* Data below *
+===+
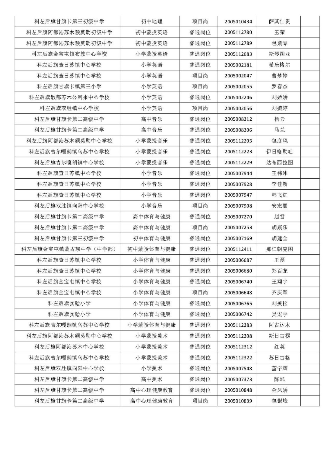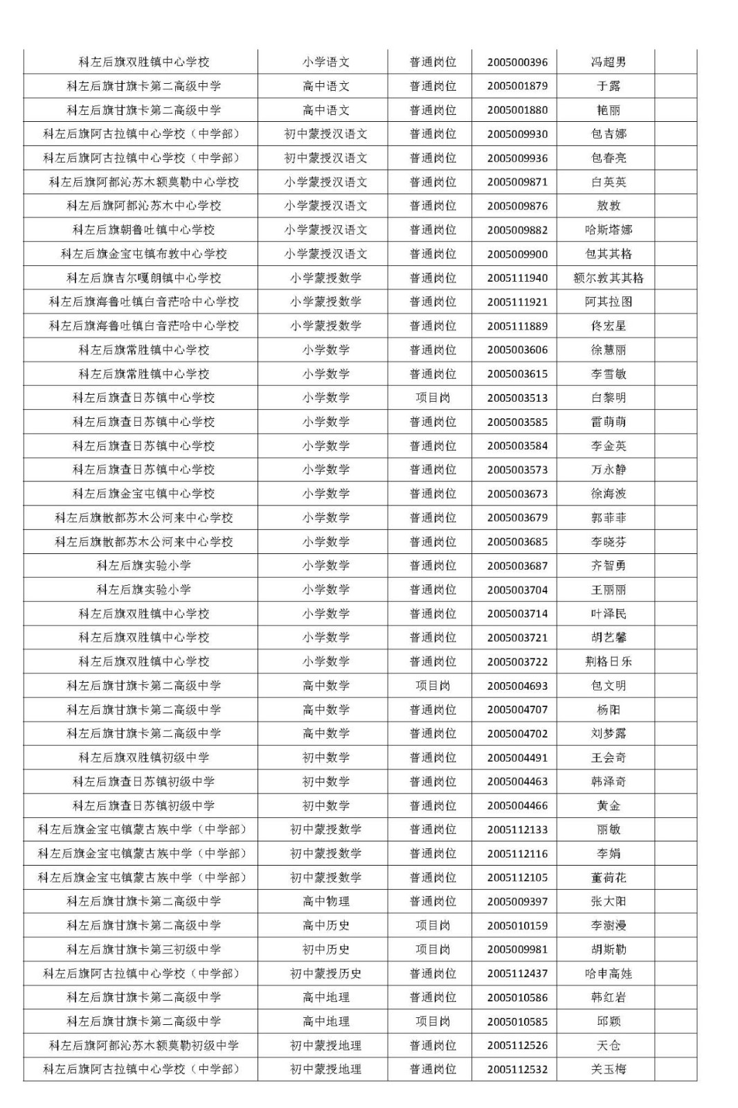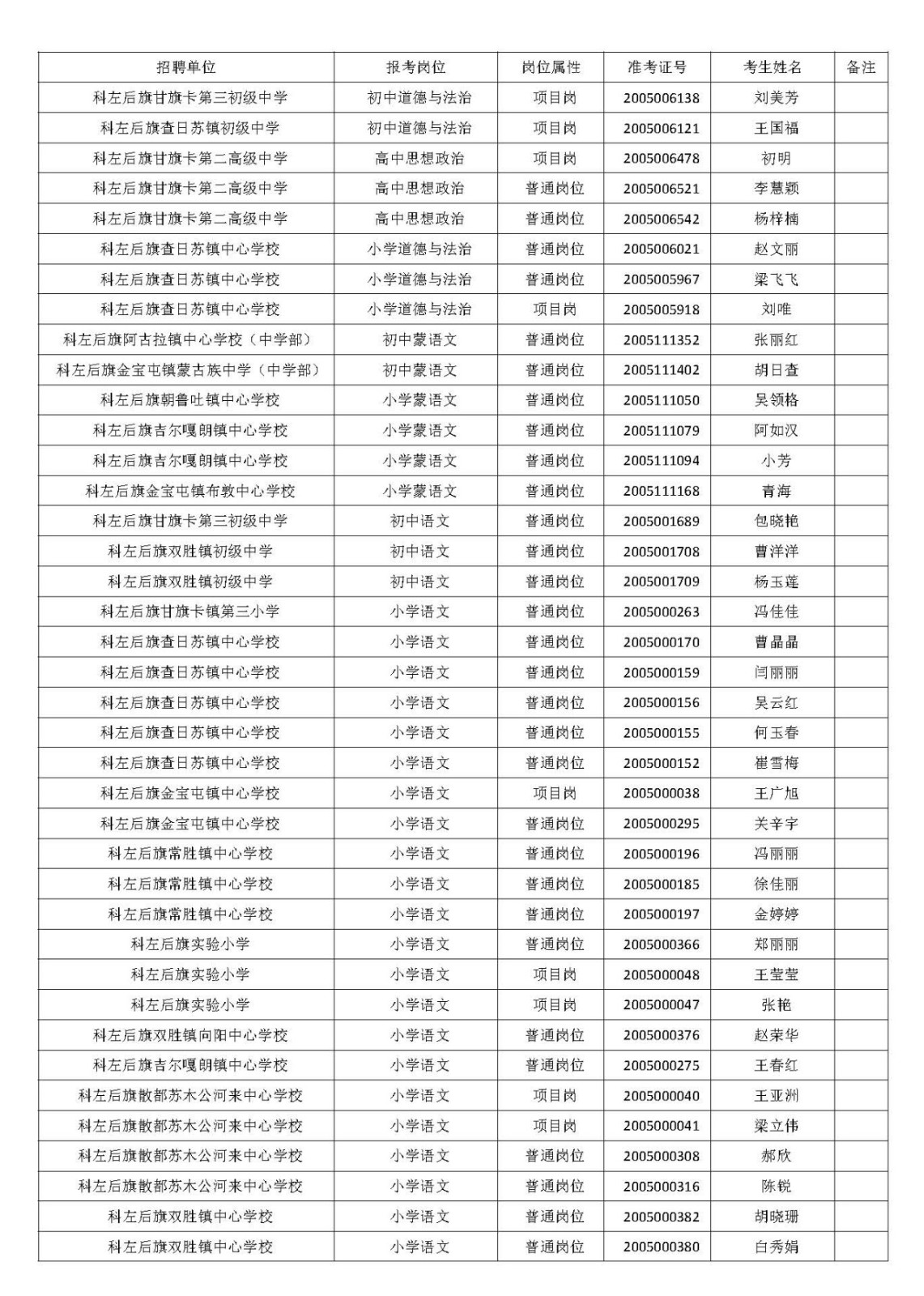 科左后旗崗位工作人員擬聘用人員名單
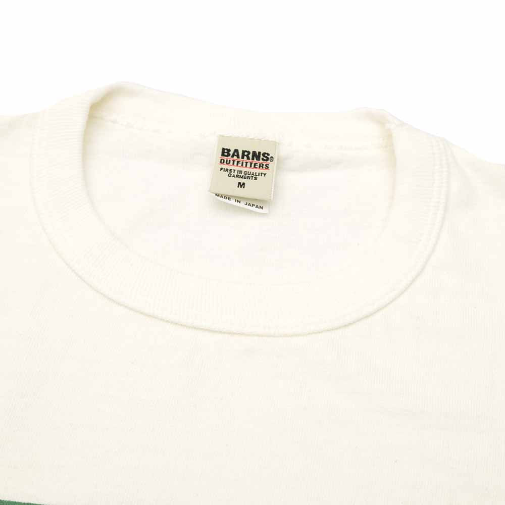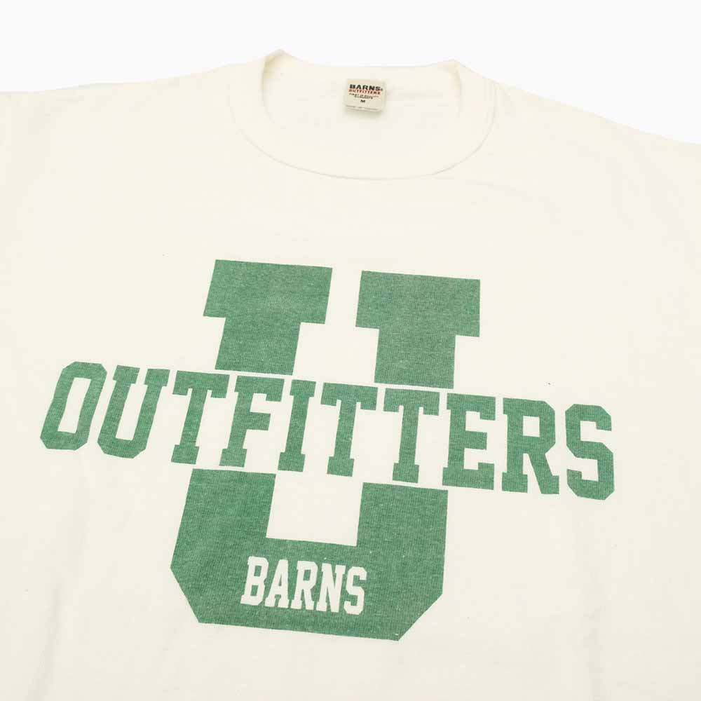 • This T-shirt is made with "BARNS" original body, which is made slowly over time using a valuable loop-wheeled knitting machine from the Taisho era. The fabric is knitted with air over time, making it soft and comfortable to wear. The design is inspired by the college logo of the fictional university “BARNS OUTFITTERS UNIVERSITY”.
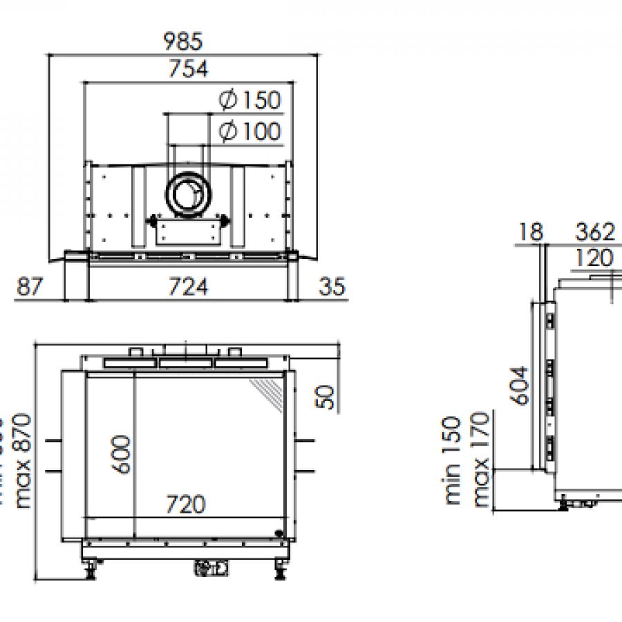 Direct flue, foyer avec coude à 90° vers l'extérieur
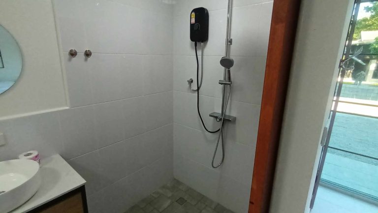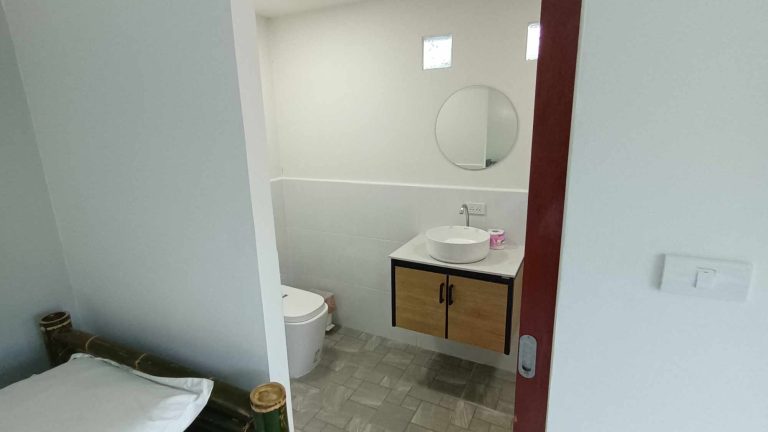 Within the bungalow, you’ll find a private bathroom with modern amenities. Enjoy a refreshing shower under the rainforest-inspired shower head, surrounded by natural stone tiles and bamboo accents. Soft, fluffy towels and toiletries are provided for your comfort and convenience.
+===+
* Task goal *
Without any pictures, write out the lines running from the one containing "This T-shirt is" through the end of the listing above, both included, exactly as given.

* Written solution *
 • This T-shirt is made with "BARNS" original body, which is made slowly over time using a valuable loop-wheeled knitting machine from the Taisho era. The fabric is knitted with air over time, making it soft and comfortable to wear. The design is inspired by the college logo of the fictional university “BARNS OUTFITTERS UNIVERSITY”.
 Direct flue, foyer avec coude à 90° vers l'extérieur
 Within the bungalow, you’ll find a private bathroom with modern amenities. Enjoy a refreshing shower under the rainforest-inspired shower head, surrounded by natural stone tiles and bamboo accents. Soft, fluffy towels and toiletries are provided for your comfort and convenience.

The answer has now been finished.